Your task will be to implement and tune a path following approach using the pure pursuit controller or PID controller (2 points). For your implementation you can use provided template path_follower.py or start with your own implementation. The uploaded solution has to subscribe the path represented by nav_msgs/Path message on topic /path and publish velocity commands for robot on topic /cmd_vel (type: geometry_msgs/Twist). The current pose of the robot in a map can be obtained from transformations on topic /tf (an example provided in path_follower.py). Your commands has to lead to safe path-following that will not result in a collision with obstacles. If the path_follower receives new path, the following of the previous one is interrupted and a new path is followed. If the new path is empty, the robot should stop. The solution will be tested on paths generated in a map with a minimum path-obstacle distance 0.4 m and robot diameter equal to 0.2 m.
path_follower.py
/path
/cmd_vel
/tf
Possible improvements and hints:
Enter Singularity shell:
singularity shell --nv path/to/robolab_melodic.simg
Configure workspace:
ws=~/workspace/aro mkdir -p "${ws}/src" cd "${ws}/src" curl -sSL https://cw.fel.cvut.cz/wiki/_media/courses/aro/tutorials/aro_hw_04.zip -O unzip *.zip cd "${ws}" catkin init catkin config --extend /opt/ros/aro catkin config --cmake-args -DCMAKE_BUILD_TYPE=Release catkin build -c
Packages contained in the zip are dummy_grid and exploration. You can implement your homework using the templates provided in the exploration package. The dummy_grid package is used as a substitute for running Gazebo simulation and can help you visualize the task and debug your code.

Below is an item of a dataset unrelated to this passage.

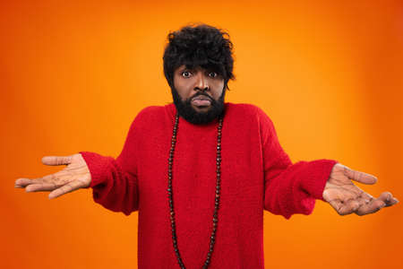 Closeup happy afro guy saying wow on black background. Portrait of african american man looking at camera indoors. Joyful male person posing in studio.

The dummy_grid package contains a launch file, which will visualize the occupancy grid, robot pose, planned and travelled path using Rviz. You can also manually set the robot pose by entering $x$, $y$ coordinates in the dialog window.
The dummy_grid/scripts folder contains some additional ROS nodes which can help you with testing your code. Similar scripts will be used in automatic evaluation, so try experimenting with it.
Please submit the whole exploration package directory in a single .zip file. Scripts will be evaluated using dummy_grid simulation. Robot diameter will be kept the same during our testing. 2 points will be awarded for planner.py, 2 for frontier.py and 2 for path_follower.py. 1 point will be awarded for submitting a working exploration.py which connects them together and navigates the robot to closest frontier in a simple maze.
In template files planner.py and frontier.py, there is a mistake in frame name “base_footprint”, which should be renamed to “robot”. While not needed in planner.py, it is useful in the frontier.py. Issue has been corrected in recent templates.
[1] TOPIWALA, Anirudh; INANI, Pranav; KATHPAL, Abhishek. Frontier Based Exploration for Autonomous Robot. arXiv preprint arXiv:1806.03581, 2018.